# Advice - where to go??



## irishpaul22 (Apr 17, 2009)

Hi, my two friends and I are leaving Ireland for Australia at the start of October 09 and we were wondering what to do/where to go. We are flying in to Sydney and were planning to travel up the east coast for three weeks to Cairns before flying to Perth to find work. We're only really going to Perth as we hear it's the best place to get work. My questions are:

Is the east coast a good place to start?
Any hints/tips for the east coast - travel, hostels, etc?
Should we go to Perth for work or are there other good areas? 
What/where should we avoid?

Thanks!


----------



## Wanderer (Jun 16, 2007)

I'll assume you';re coming out on a WHV and you ought to have a look at Harvest Trail - Harvest jobs - Australian JobSearch and that'll give you an idea of seasonal work locations and possibly your best bet given that work in other fields could be harder to come by with global economic situation.

There'll be seasonal work opportunities up the east coast though it'll be getting warmer as year and northwards movement progresses but I'd suggest getting north where work is ASAP, maybe even fly to Cairns straight away and leave Sydney sightseeing for later, weather there can be a bit cooler still in October and possibility of spring storms etc., get some work whilst you can on Atherton Tablelands, see the reef/rainforest etc. in between as a rest if the heat/humidity starts getting to you and then head south and I'd take more than three weeks, especially if looking for work.

Don't know if opportunities over Perth way would be any better but just on population distribution alone I'd reckon you'll have far more opportunity on the eastcoast and as summer comes on, a move back south will have weather more comfortable and harvesting opportunities down around NSW, Victoria, Tasmania and SA will have developed, hopefully allowing you to earn more travelling cash and then about March, April think about heading Perth way and up the west coast, possibility of more seasonal work in Pearling at Broome and then agriculture at Kununurra or just head on to see Darwin and north at about the best time of year for there, June/July.

If you are on a WHV and want to consider being eligible for a second WHV, doing three months work in specific areas is necessary but does not need to be done all at once.

Have a look at BUG - the Backpackers' Ultimate guide to budget travel in Australia re guide to hostels and you may want to consider joining YHA Australia for discounts and some good travel/accommodation deals they have and if you're looking to keep costs down even think about getting a tent, maybe even a cheap car, especially if here for 12 months - have a look at Kings Cross Car Market Online , wwww.tradingpost.com.au and on hostel notice boards of a few in Sydney, quite a few up around the Central Railway Station and for a cheaper one not so bad, check out Alfred Park in BUG guide.

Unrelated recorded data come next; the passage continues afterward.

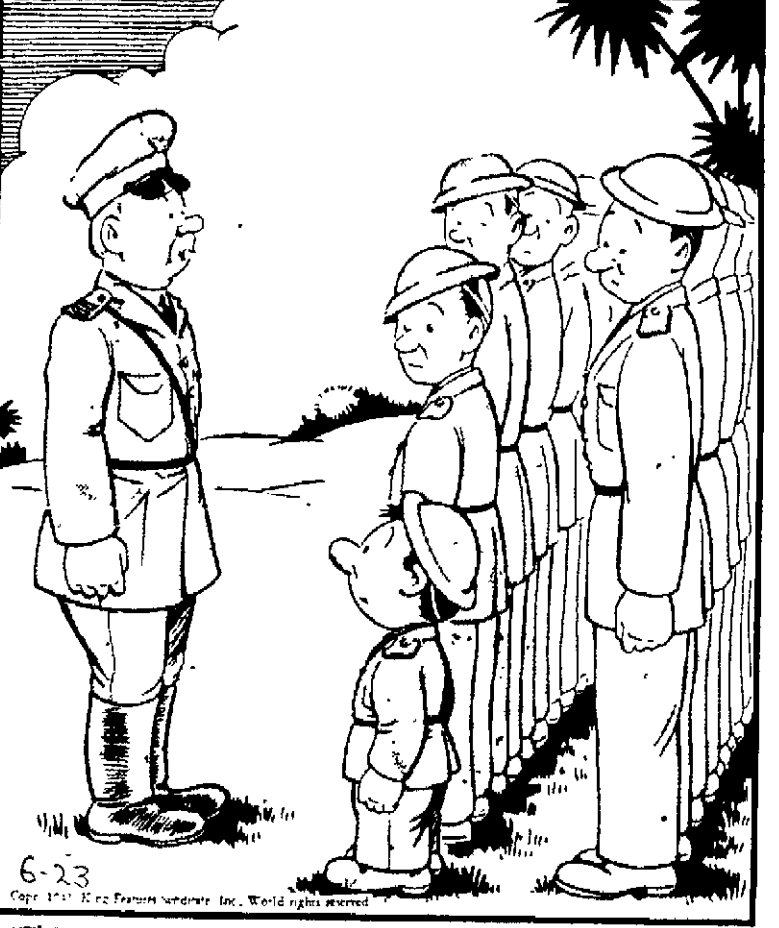
"This mission requires an undersized volunteer, who could be disguised as a little, sawed-off, banty-legged Jap!"

Major Marion Carl, Marine Corps ace who has downed 18 Jap planes, will be a guest of Eddie Cantor when the bant-eyed comedian presents his final "Time to Smile" broadcast of the season, Wednesday at 8:30 p. m., EWT, over Station WOR.
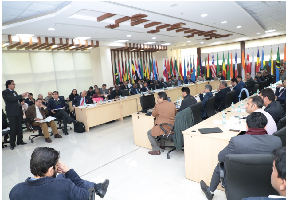
Stakeholders presenting their point of view during the meeting!

While discussing the the first programme of the ISA which is Scaling Solar Applications in Agricultural Use, apart from classification of pumps, and specifications based on demand, stakeholders showed interest in knowing the about the quantity, timeline for commissioning, and about the commercial cycle that would be set up for different batch quantities, along with the other nuances of the impending RFP. DG ISA emphasized on the role of ISA in strengthening the backward and forward linkages. Stakeholders also indicated at the IOT, in solar sector and how matching the solar technologies can benefit ..
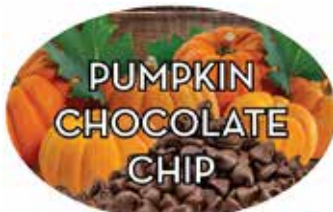
13758 1.25" x 2" / 500 per roll
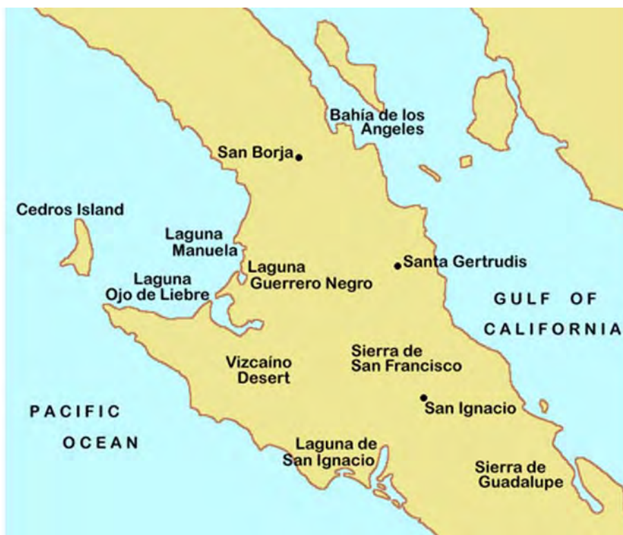
Figure 1. The central Baja California peninsula.

Vegetation along the coast includes a coastal sand dune community and a coastal salt marsh (Wiggins 1980:24) (Figure 2). While a broad suite of terrestrial fauna was present in the area, ranging from rodents to antelope and deer (cf. Galina et al. 1991; Orr 1960), the locality's principal attraction for Indians was the rich marine fauna (cf. Henderson 1972; Hubbs 1960; Nelson 1919; Scammon 1970), including fish, mollusks, crustaceans, sea mammals and sea turtles.
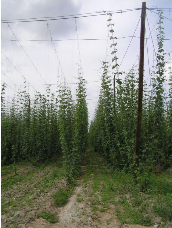
Production village Rocov (location Woodland)
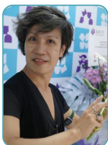
Kei-ichi Zempo Institute of System and Information Engineering

“Choose experiences that hone your skills by crossing” boundaries, not just sticking to your specialty!
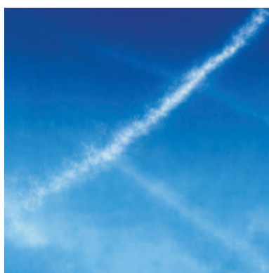
L.A. EXUBERANCE: NEW GIFTS BY ARTISTS Through April 2, 2017 BCAM
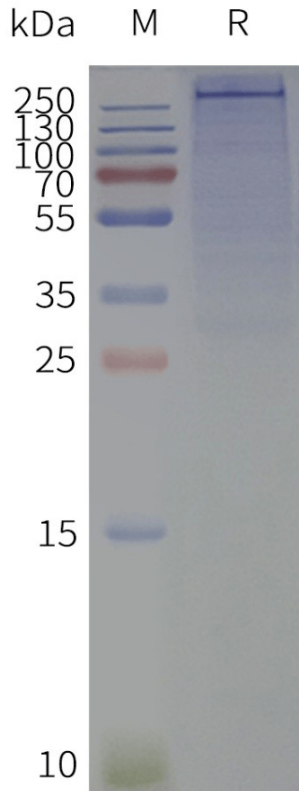
Figure 2. Human SCN2A-Nanodisc, Flag Tag on SDS-PAGE
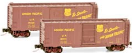
40' Standard Box Car, Single Door Union Pacific • Rd# 185519 / 190169 Item# 500 00 741...$23.75 • Item# 500 00 742...$23.75
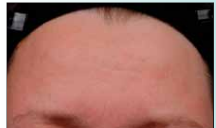
40 year old patient one month after use of TNS Essential Serum
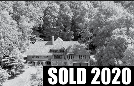
HIGHEST SALE YTD KENT, CT ASK $2.5m

c1932 Modernist Residence & Studio/Workspace. 4 Bedrooms. Separate 2-Car Garage. Stone Terrace. Fire Pit. Trails. Brooks. Waterfalls. Gardens. 90± Acres. Graham Klemm. 860.868.7313.
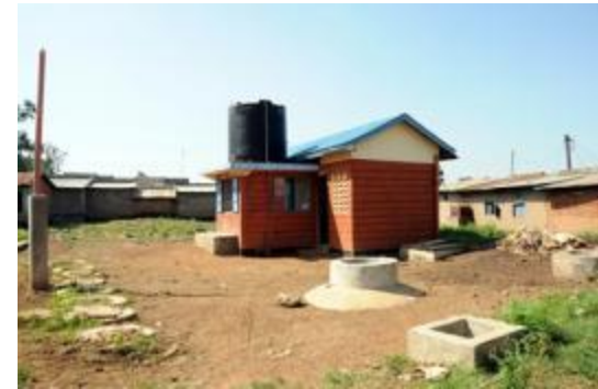
Public toilet linked to DEWATS at Ugunja market
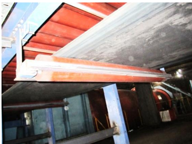
Photograph 3.2: Brackets for return idler

iii) During trial it is observed that the belt tension is less and pulleys are revolving ideally. To build the tension one additional return idler is placed on the distance of 30m from tail pulley. Belt is placed below this idler. This idler is clamped on the channel. The vertical movement of the stud allows reducing and increasing the tension of belt. As shown in the photograph 3.3.
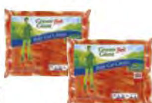
Green Giant Baby Cut Carrots 1 lb. bag
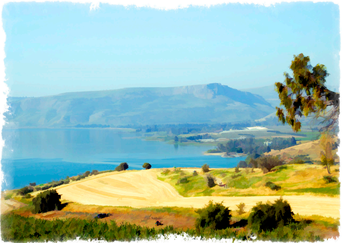
Northern shore of the Sea of Galilee

“When Jesus saw the crowds, He went up on the mountain; and after He sat down, His disciples came to Him. He opened His mouth and began to teach them...” (Matthew 5:1–2)
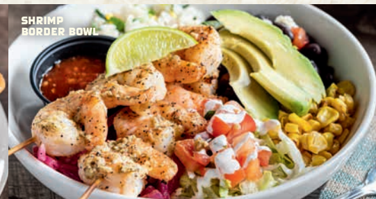
SHRIMP BORDER BOWL

As to what to avoid, Crocs up north inhabitate a lot of rivers and so don't go swimming just anywhere.


----------



## bizonapage (Jan 14, 2009)

Hey guys,

Sydney, Cairns and Perth. How cool. That's a really big trip. 

What type of work will you be looking for?

Depending on your age, you might find some useful information in guides and online videos about travelling around Australia.


----------